5. The Fundamentals Are Real, Not Just Narrative
Unlike AI, which still struggles with commercialization in many areas, nuclear energy already powers entire countries. The historical drawbacks, high costs and long build times, are being addressed with new technologies like SMRs that offer faster deployment and lower capital requirements.
Case Study: Oklo
Let’s make it tangible. Just look at what’s happened with Oklo in the past few weeks.
The company has:
- Successfully completed the U.S. Nuclear Regulatory Commission’s pre-application review for its first commercial plant, the Aurora Powerhouse
- Signed a key agreement with Kiewit Nuclear Solutions Co., which will be the lead construction partner for the Aurora plant in Idaho (scheduled for 2027–2028)
- Announced a partnership with Liberty Energy to provide turnkey energy solutions that combine Liberty’s natural gas generation systems with Oklo’s advanced nuclear technology; this joint effort will initially rely on Liberty’s Forte natural gas generation and load management systems to meet immediate energy needs, while simultaneously laying the groundwork for the future integration of Oklo’s Aurora nuclear plants, offering zero-carbon baseload power in the years ahead.
In short: Oklo is no longer a future concept. It’s becoming an industrial reality.
What About Thematic ETFs?
I’m usually not a big fan of thematic ETFs. They tend to follow market hype and can expose investors to redundant fees and unbalanced portfolios.
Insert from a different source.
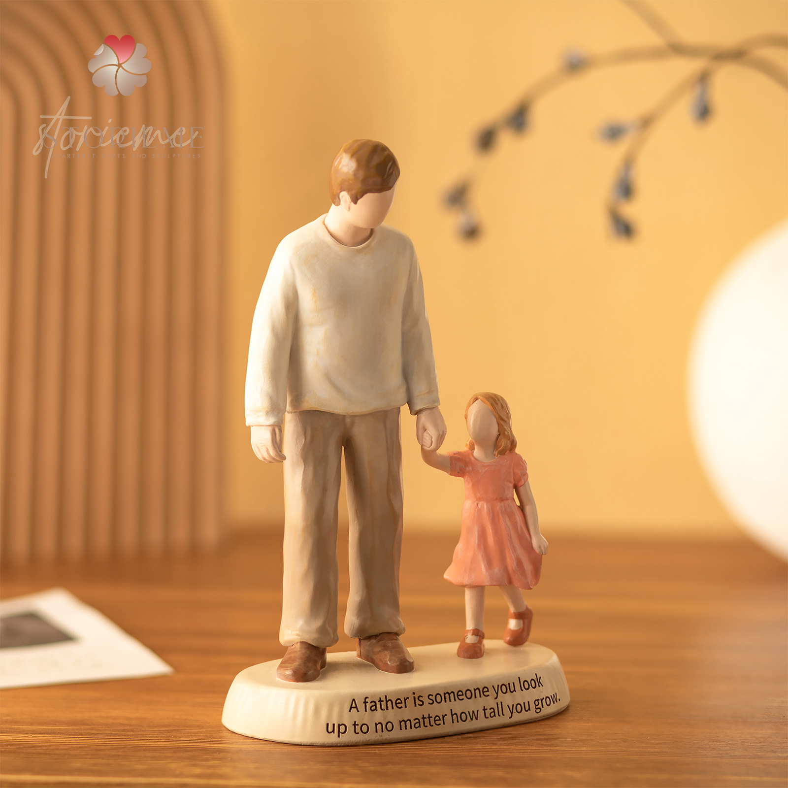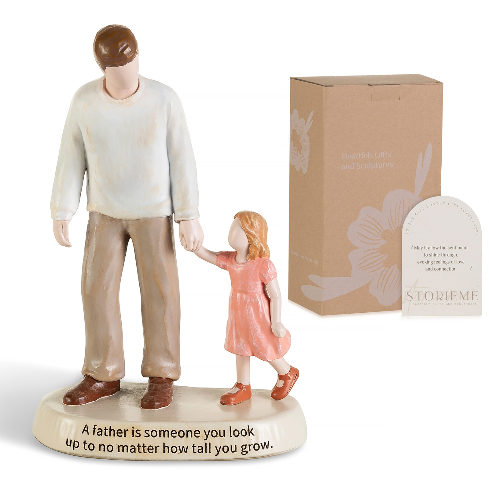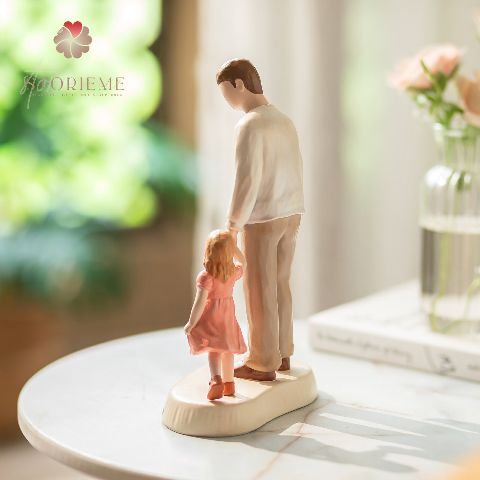 This father and daughter figurine captures a simple yet powerful moment — a little girl walking hand in hand with her dad. It reflects a bond built on guidance, protection, and quiet strength.

But in this case, I’m willing to make an exception.
Here’s why:
- The sector is emerging, but not overhyped
- There are relatively few major players, making ETF exposure efficient
- It’s heavily influenced by government regulation, meaning individual stock picking could be more volatile
Thematic ETFs allow investors to gain exposure to a broad range of companies, from miners to utilities to reactor tech developers—without betting everything on one horse. They offer a way to ride the trend while spreading the risk.
If you’re new to the sector or simply looking for a diversified entry point, this is one of the rare cases where a thematic ETF actually makes sense.
Final Thoughts
The nuclear energy trend is solid, structural, and still in its early days. Yes, some valuations have already jumped. But we’re far from a mature or saturated market.
As always, risks remain—but for long-term investors looking to align sustainability, innovation, and energy demand, nuclear could be one of the most compelling bets of the decade.